The synagogue was established by Sephardic immigrants from Greece who arrived in Safed during the sixteenth century. When Rabbi Isaac Luria arrived in 1570, he prayed in this synagogue on the eve of the Shabbat. During the service, he was accustomed to leave the synagogue with his disciples and walk to a nearby field to welcome the Sabbath. Alternatively, this was at the time a forested area at the margin of Safed, and the ARI used to welcome the Sabbath in these forests.
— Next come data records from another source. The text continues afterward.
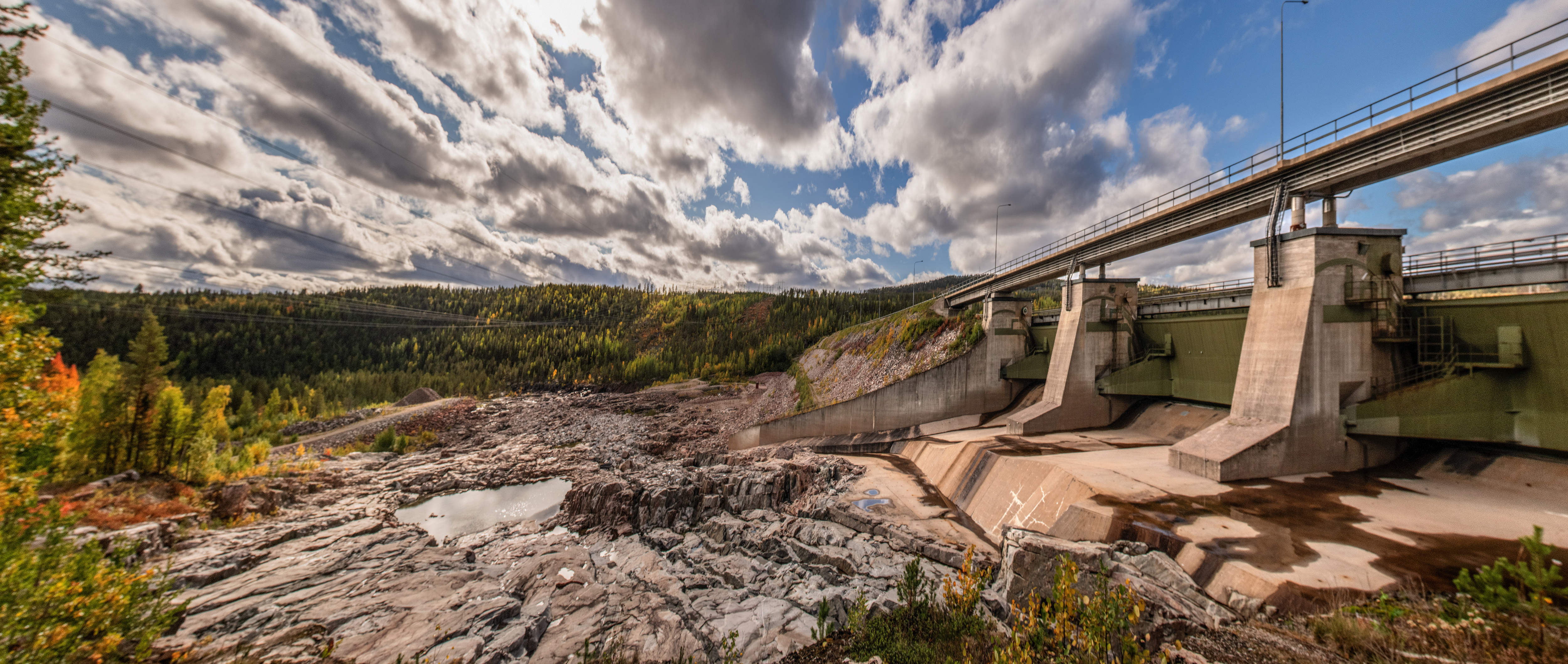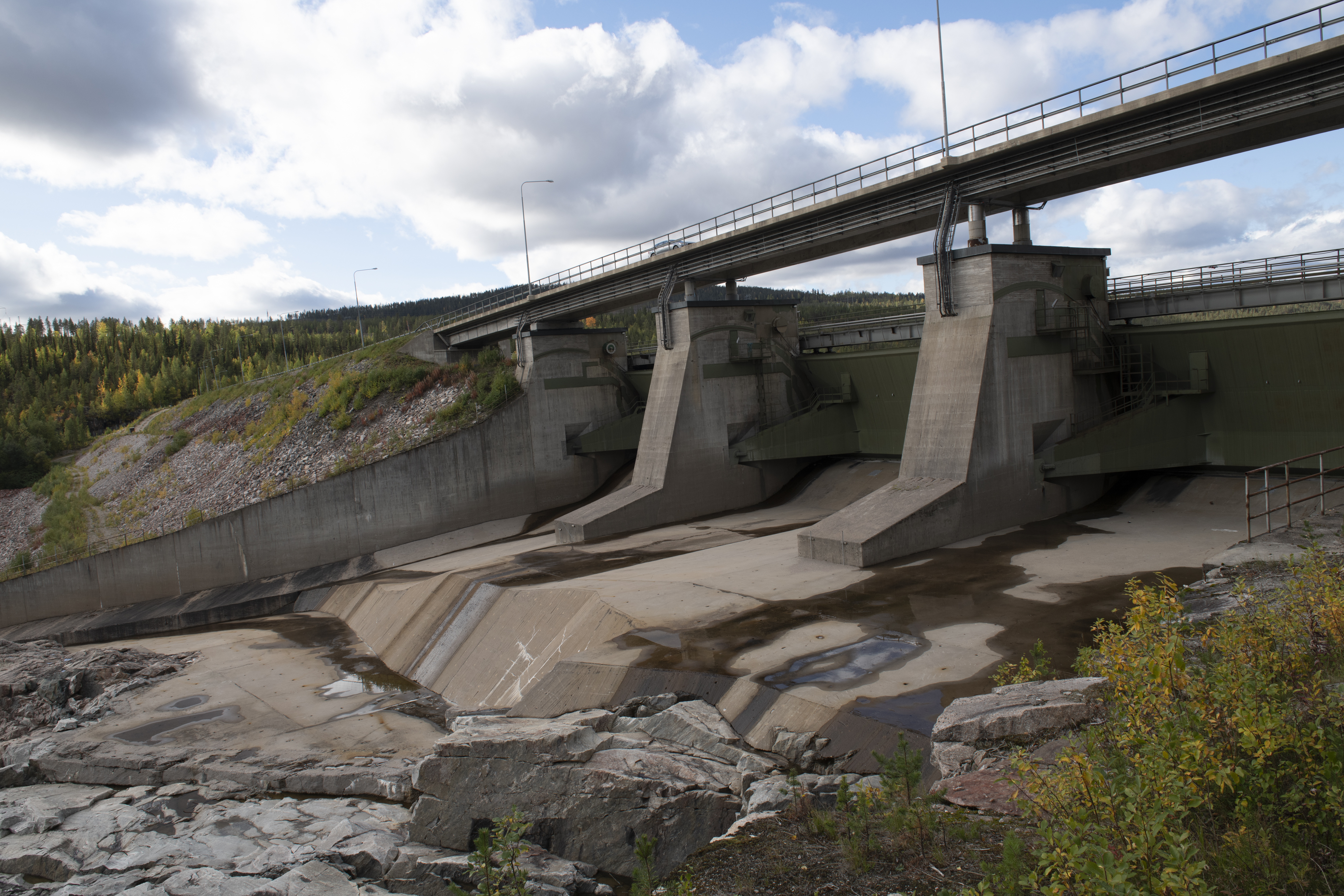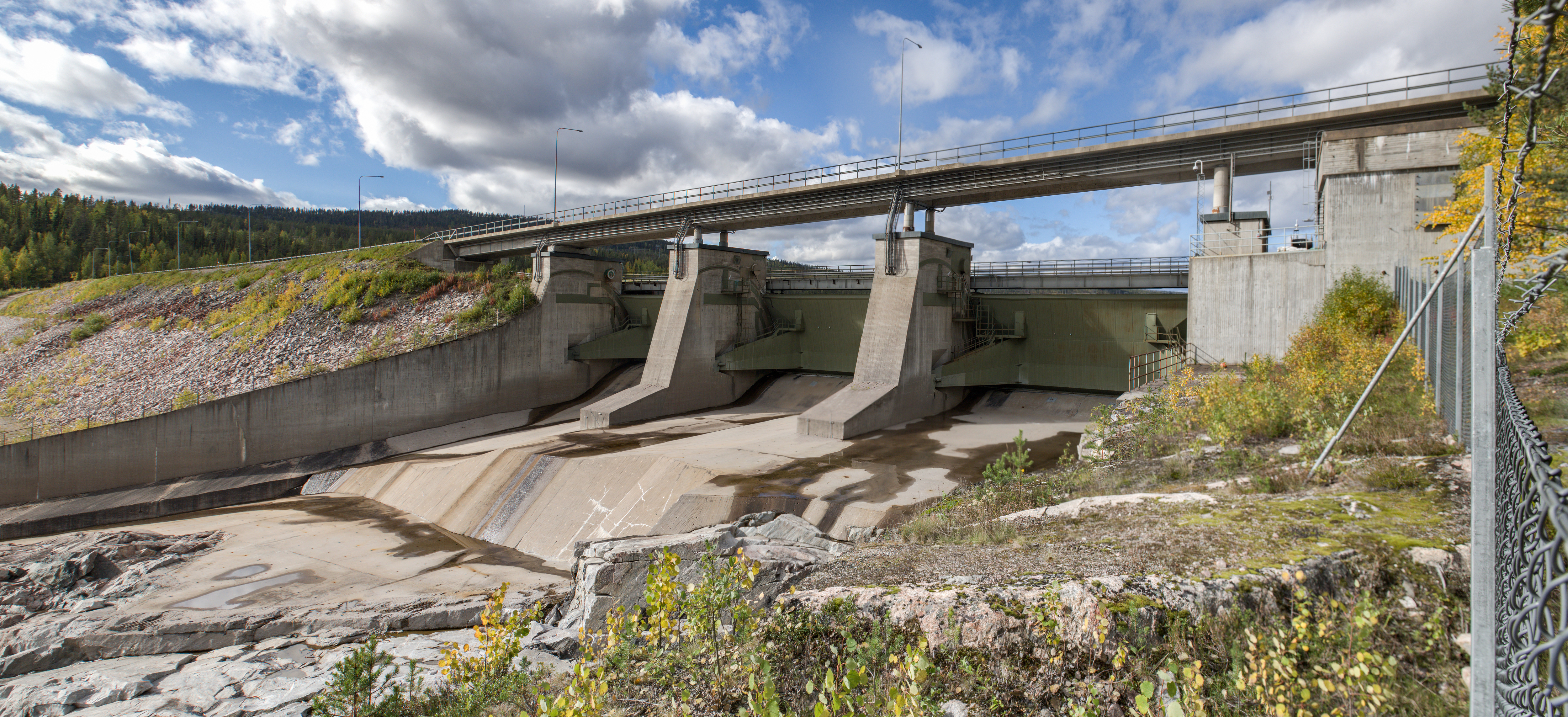Ligga started operating in 1954, but an expansion housing a third power generation unit and a new machine room was added in 1982. It’s Sweden’s first unstaffed and completely remotely controlled power plant. The power plant foundations are on rock, and there is a spillway section with three openings. All of the gates are upward segment gates; two are operated by an electric winch, and one by a jack. The powerhouse is subterranean, with both the machine room and the control room completely beneath the rock. Above the machine room, a 70-centimetre thick concrete dome has been moulded, completely disconnected from the rock.
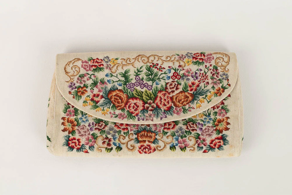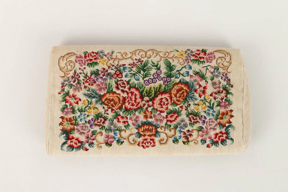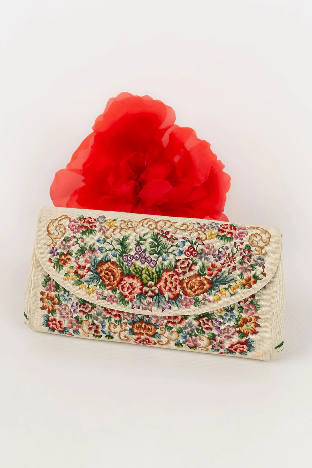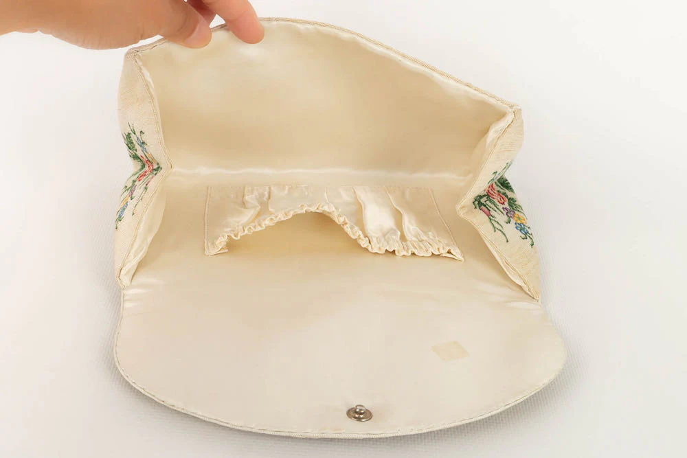 ANONYME -Petit sac brodée d’un motif floral sur fond blanc cassé. Intérieur en soie. Condition : Bon état Dimensions : Hauteur : 12 cm – Longueur : 20 cm – Profondeur : 2 cm
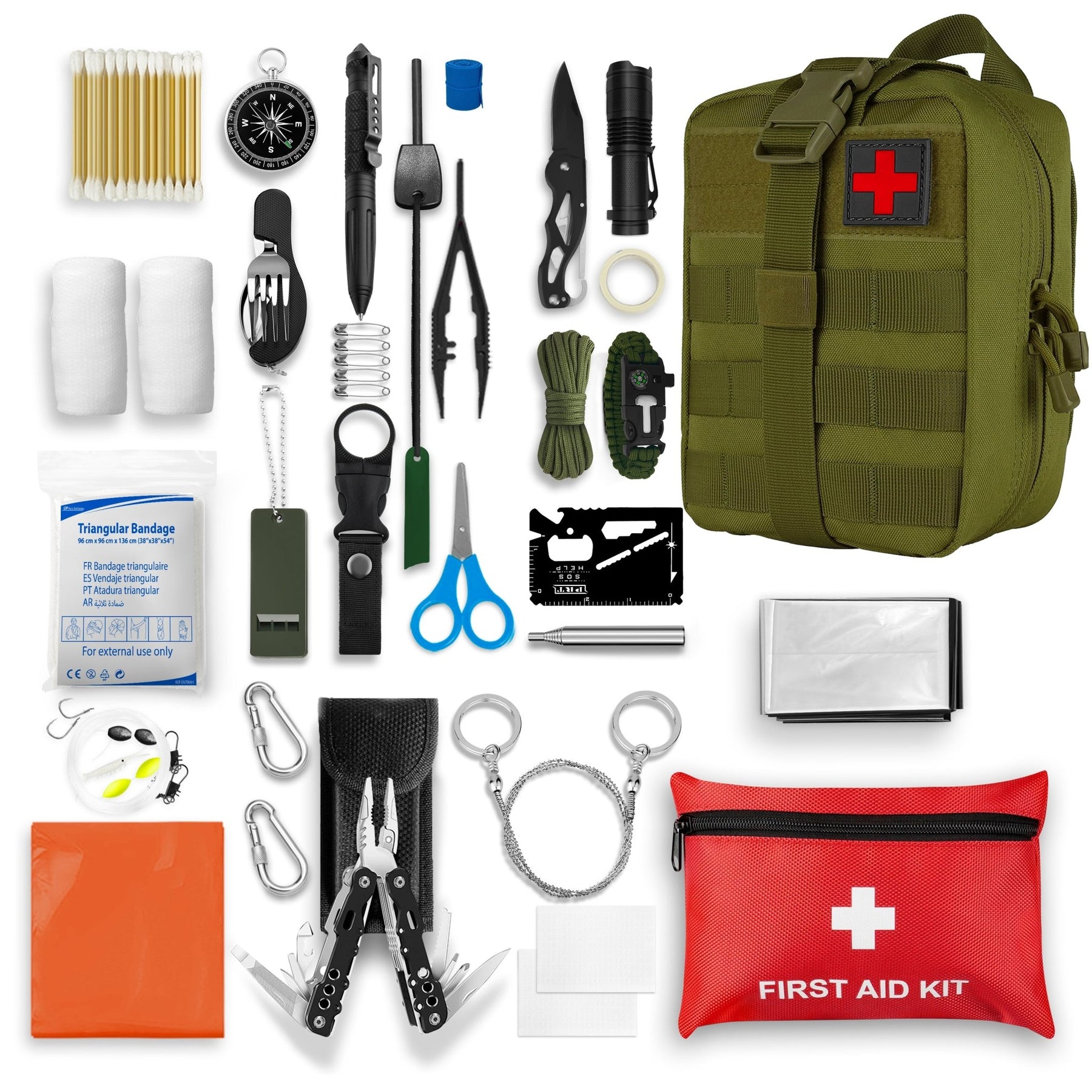 Survival Essentials Beyond medical care, this kit equips you for survival. It is packed with high-value gear including a folding knife, multi-tool, fire starter, flashlight, and compass. All 75 items are organized in a rugged Molle-compatible pouch that attaches easily to backpacks, vests, or belts for hands-free portability.
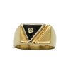 Sortija sello en oro bicolor con aplicación triangular de ónix y diamante talla brillante engastado en chatón. Peso diamante: 0,05 ct. aprox. Peso total: 12,2 gr. Medida: Nº 25. Estimación: 800 – 950 €.
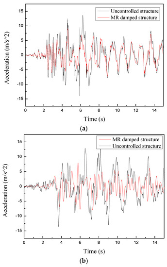 Acceleration time history responses of the uncontrolled and MR damped structure. (a) El Centro. (b) Taft.
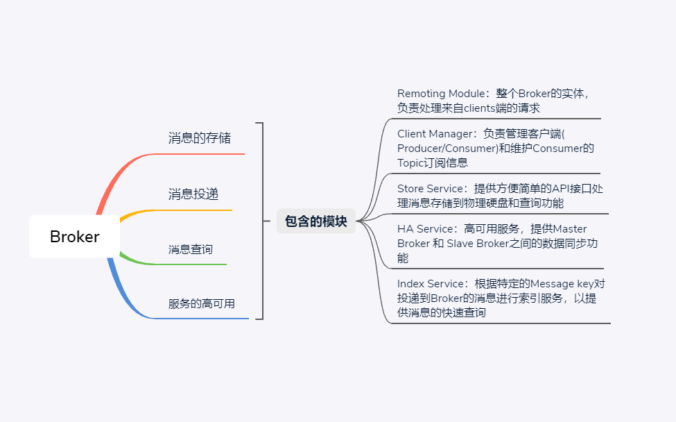 消息中转角色,负责存储消息、转发消息。Broker在RocketMQ系统中负责接收从生产者发送来的消息并存储、同时为消费者的拉取请求作准备。代理服务器也存储消息相关的元数据,包括消费者组、消费进度偏移和主题和队列消息等。

The Ari's tradition of welcoming the Sabbath during Kabbalat Shabbat is still echoed in Jewish communities around the world during the singing of Lecha Dodi, when worshippers turn toward the entrance of the synagogue to "greet" the sabbath.

In the eighteenth century, with the arrival of the Hasidim from Eastern Europe, the synagogue came to serve the Ashkenazi community.

The synagogue was destroyed in the Galilee earthquake of 1837, and was rebuilt 20 years later.

During the 1948 Arab-Israeli War a bomb is said to have fallen in the courtyard. Shrapnel flew into the synagogue while it was packed with people seeking shelter, yet miraculously no one was hurt. This event is one of many miracles said to have taken place in Safed.

==Description==
A Hebrew inscription above the entrance lintel reads: "How awe-inspiring is this place, the synagogue of the Ari of blessed memory."

The Holy Ark was carved from olive wood by a craftsman from Galicia in the style of the synagogues of Eastern Europe. It includes an anthropomorphic image of a lion, alluding to Rabbi Luria's acronym Ari, which means lion.